Julie Hughes, présidente de l'Association de l'industrie de la mode des États-Unis (USFIA), déclare que la plupart des entreprises s'attendaient à ce que l'administration utilise les droits de douane de l'article 301 liés au travail forcé pour maintenir les droits de 10 % ou 12,5 % après l'expiration des droits de douane temporaires de l'article 122. Le vrai problème, dit-elle, est l'effet combiné des droits de douane sur le Brésil, le Canada et ceux attendus liés à la surcapacité structurelle. Ces droits visent les pays que les États-Unis estiment maintenir une capacité de fabrication supérieure à ce que la demande du marché soutient, souvent par le biais de subventions ou d'autres politiques soutenues par le gouvernement. L'inquiétude est que cette production supplémentaire puisse inonder les marchés d'exportation à des prix artificiellement bas, nuisant aux industries américaines. « L'assaut de nouveaux droits de douane accroît la difficulté pour les entreprises de planifier leurs activités », déclare Hughes.

Les droits de douane de l'article 301 peuvent-ils tenir ?

L'article 301 est un outil commercial plus familier et peut-être plus éprouvé que certaines des autorités que l'administration a utilisées auparavant.

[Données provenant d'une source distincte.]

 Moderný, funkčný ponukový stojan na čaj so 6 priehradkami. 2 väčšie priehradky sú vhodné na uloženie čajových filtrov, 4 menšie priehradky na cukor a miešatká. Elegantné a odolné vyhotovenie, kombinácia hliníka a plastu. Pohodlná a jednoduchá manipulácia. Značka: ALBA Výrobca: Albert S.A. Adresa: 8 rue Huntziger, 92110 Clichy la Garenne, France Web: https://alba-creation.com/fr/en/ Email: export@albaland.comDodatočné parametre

Il permet aux États-Unis de répondre à des actions, politiques ou pratiques étrangères considérées comme déraisonnables, discriminatoires ou pesantes pour le commerce américain. Mais des avocats spécialisés en commerce disent que l'action sur le travail forcé pourrait encore faire face à des contestations juridiques, car les recours de l'article 301 sont généralement censés être liés à des constatations et des préjudices spécifiques.

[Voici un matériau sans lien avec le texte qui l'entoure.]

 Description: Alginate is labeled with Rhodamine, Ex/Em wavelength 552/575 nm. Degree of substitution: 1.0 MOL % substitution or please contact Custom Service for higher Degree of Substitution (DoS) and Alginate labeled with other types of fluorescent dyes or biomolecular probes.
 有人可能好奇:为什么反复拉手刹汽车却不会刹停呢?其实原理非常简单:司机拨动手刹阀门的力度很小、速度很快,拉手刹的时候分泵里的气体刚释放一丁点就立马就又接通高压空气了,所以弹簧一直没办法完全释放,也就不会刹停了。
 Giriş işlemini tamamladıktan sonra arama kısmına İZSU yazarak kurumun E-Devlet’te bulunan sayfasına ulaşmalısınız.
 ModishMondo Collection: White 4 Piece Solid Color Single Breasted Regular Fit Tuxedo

L'administration Trump pourrait être sur un terrain plus solide avec l'article 301 qu'avec l'IEEPA, car l'article 301 est un outil tarifaire établi avec un processus d'examen formel, y compris un avis public des droits proposés et une possibilité de soumettre des commentaires et des réfutations, déclare Angela Santos, associée chez Arentfox Schiff. Néanmoins, elle voit une vulnérabilité potentielle dans l'ampleur et la rapidité des enquêtes sur le travail forcé. En vertu de l'article 301, l'USTR est tenu de faire des constatations propres à chaque économie et de calibrer le recours en fonction du fardeau ou de la restriction que l'économie impose au commerce américain, dit Santos. Cela pourrait devenir une vulnérabilité pour les droits de douane sur le travail forcé ; l'administration a mené un examen simultané sur 60 économies et imposé des taux de droits globalement similaires, soulevant des questions sur le degré d'individualisation de l'analyse.

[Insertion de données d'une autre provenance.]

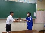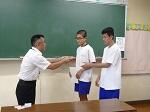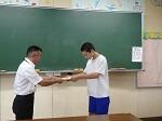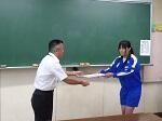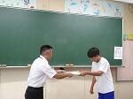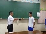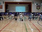 本日、2学期始業式をリモートで行いました。校長先生からは、地震や台風など自然災害への備えとヘルメットについて話がありました。また、始業式に引き続き、剣道、陸上競技、水泳、男子バスケットボールの大会の賞状伝達がありました。
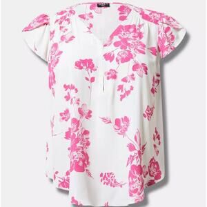 Torrid Pink & White Floral Haper Georgette Hook & Eye Blouse Size 1X
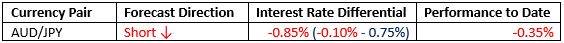 For the month of March, we forecasted that the best trade would be short AUD/JPY. The performance to date is as follows:
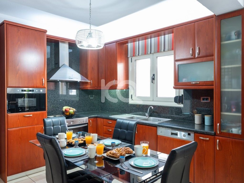 Επιπλωμένη και ηλεκτρικά εξοπλισμένη, μονοκατοικία – μεζονέτα, 210 τ.μ, ισόγειο. Διαθέτει μεγάλο ενιαίο χώρο σαλόνι – κουζίνα, 3 υ/δ, 1 μπάνιο με τζακούζι, 1 wc, κεντρική θέρμανση με καλοριφέρ, κλιματισμό, ηλιακό και ηλεκτρικό θερμοσίφωνα, αυτόνομο ρολόι ΔΕΗ, internet, μπαλκόνι, τέντες, βεράντα, αυλή, ημιυπαίθριοι χώροι, κήπο, πισίνα, γυμναστήριο, υπόγειο, αποθήκη, parking. Χωρίς κοινόχρηστα. Όχι κατοικίδια. Δίδεται μόνο για βραχυχρόνια μίσθωση. Τιμή ενοικίου 1000 ευρώ.
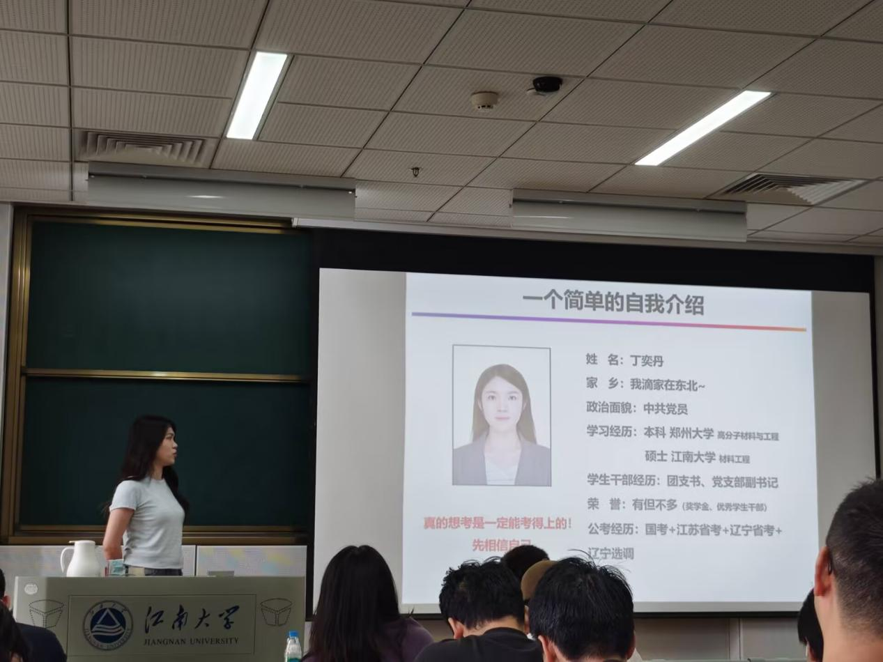 随后,成功上岸的优秀学生代表分享了他们的经验。丁奕丹同学作为辽宁选调生,秉持“事缓则圆,相信自己”的信念,结合自身经历,分享了选调生考试的特点、备考方法以及在备考过程中如何调整心态。从专业科目复习、资料筛选、时间管理等方面展开,结合实际案例,生动形象地展示了如何在激烈的竞争中脱颖而出。鼓励同学们勇敢尝试,积极备考。
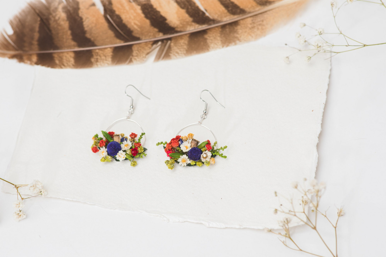 Folk circle dangle earrings Flower earrings Surgical steel Colourful flower earrings for bride Dried flowers Magaela Bridal handmade
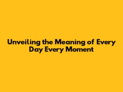 Unveiling The Meaning Of 'Every Day Every Moment'
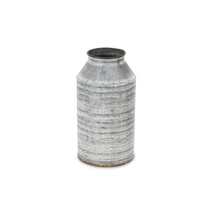 10" Gray Galvanized Metal Geometric Patterned Jug Vase
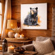 Lägg till ett litet stycke rustik charm och konstnärligt stil på väggarna med det här fantastiska kanvastrycket med en vattenfärgmålning av en svart björn. Den här konsten biet är perfekt för ett vardagsrum, sovrum eller hytt, som för skogens serenskönhet till ditt hem. Den unika designen har ett mjukt, handmålat utseende med det konstnärliga stänken i färg, skapar den ett vackert och hållbart föremål som firar skogslivets fridfullhet och styrka.
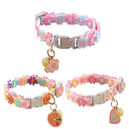 愛猫や愛犬をさらに愛らしくする首輪3個セットです。敏感なペットの肌を傷つけることなく装着できる、柔らかいポリエステル製の首輪です。布製のため通気性もよく、幅約1.1cm、長さ19~32cmで、長さは自由に調整することができ、鮮やかな花をつなぎ合わせた可愛らしいデザインで、猫はもちろん、子犬にも使用できます。
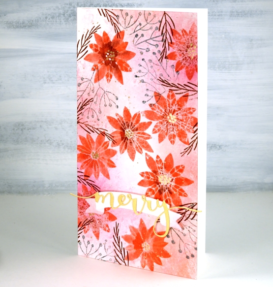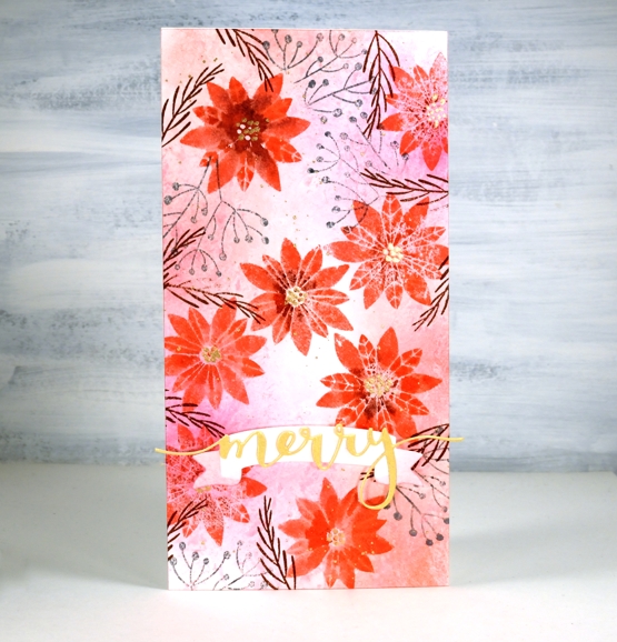 Posted: April 19, 2017 | Author: Heather | Filed under: birds and banners, Felicity | Tags: Brusho, Penny Black creative dies, Penny Black stamps, WOW embossing powders | 17 CommentsToday’s card looks like it was created with a background stamp, which is practically the case, but not quite. I used the new slapstick cling stamp, ‘Felicity’ and stamped it twice to more than fill a card front. The stamp is actually longer than my average card but a bit narrower. The organic arrangement of the flowers made it easy to stamp it twice and make it look like one big image. I stamped in versamark ink then embossed in silver powder on hot pressed watercolour paper. I taped it down then spritzed all over the panel with water. It wasn’t soaking wet but it was wet enough that the brusho I sprinkled on next started reacting straight away. I picked up some more brusho colours the other day to expand my collection and three out of four on this card are new to me. I sprinkled orange, sandstone and rose red over the flowers, spritzed again, tilted the panel to move the water and waited to see if I needed more. I did this a few times then switched over to sprinkling the olive green brusho over the rest of the panel. The olive green was more intense and the leaves on the panel are small so some areas got very dark, very quickly. I used a folded paper towel to remove liquid and colour where there was too much. I also tilted the panel so colour would flow down towards the closest embossed barrier which makes for nice dark contrasting areas next to some of the silver embossing.
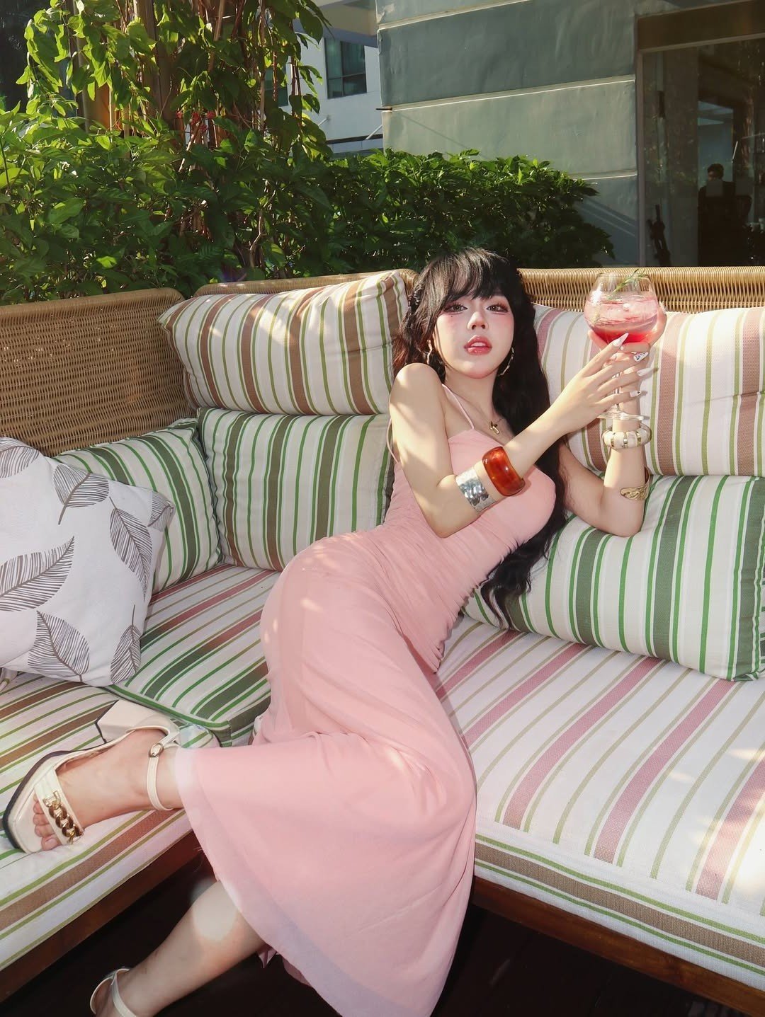 Hot girl Bao Khuyen Susan continues to make a strong impression with her sweet beauty and captivating aura in her latest social media images She showcases her innocent charm and elegant little wife style wearing a seductive yet graceful pink dress Bao Khuyen Susan exudes natural allure as she relaxes on a comfortable sofa with a refreshing cocktail Her gentle yet sophisticated demeanor truly captivates every gaze Fans constantly admire her radiant beauty and refined fashion sense affirming the undeniable appeal of a new beauty icon This look perfectly blends cuteness with subtle sensuality making her a trending topic online

Cela importe parce que les importateurs n'attendent pas que les tribunaux tranchent la question. Santos dit que les entreprises ne devraient pas supposer que les nouveaux droits de douane disparaîtront simplement, simplement parce que deux poursuites, y compris une action collective, ont été déposées auprès de la Cour du commerce international pour contester les nouveaux droits. « Même si les droits de douane de l'article 301 sont invalidés, un autre régime tarifaire le remplacera », dit-elle. « Les entreprises ne devraient pas agir comme s'il était garanti que l'article 301 sera invalidé. »

Comment planifier

De nombreuses entreprises gèrent les nouveaux droits en adoptant une approche prudente de la planification. Certaines utilisent 10 % ou 12,5 % comme base de référence, tandis que d'autres modélisent encore autour des droits de niveau IEEPA, car elles supposent que l'administration continuera d'essayer de recréer ce cadre. Les entreprises cherchent également des remboursements là où ils sont disponibles, examinent les classifications tarifaires, conservent des dossiers, ajustent la gamme de produits et explorent des outils d'atténuation juridiques tels que la première vente.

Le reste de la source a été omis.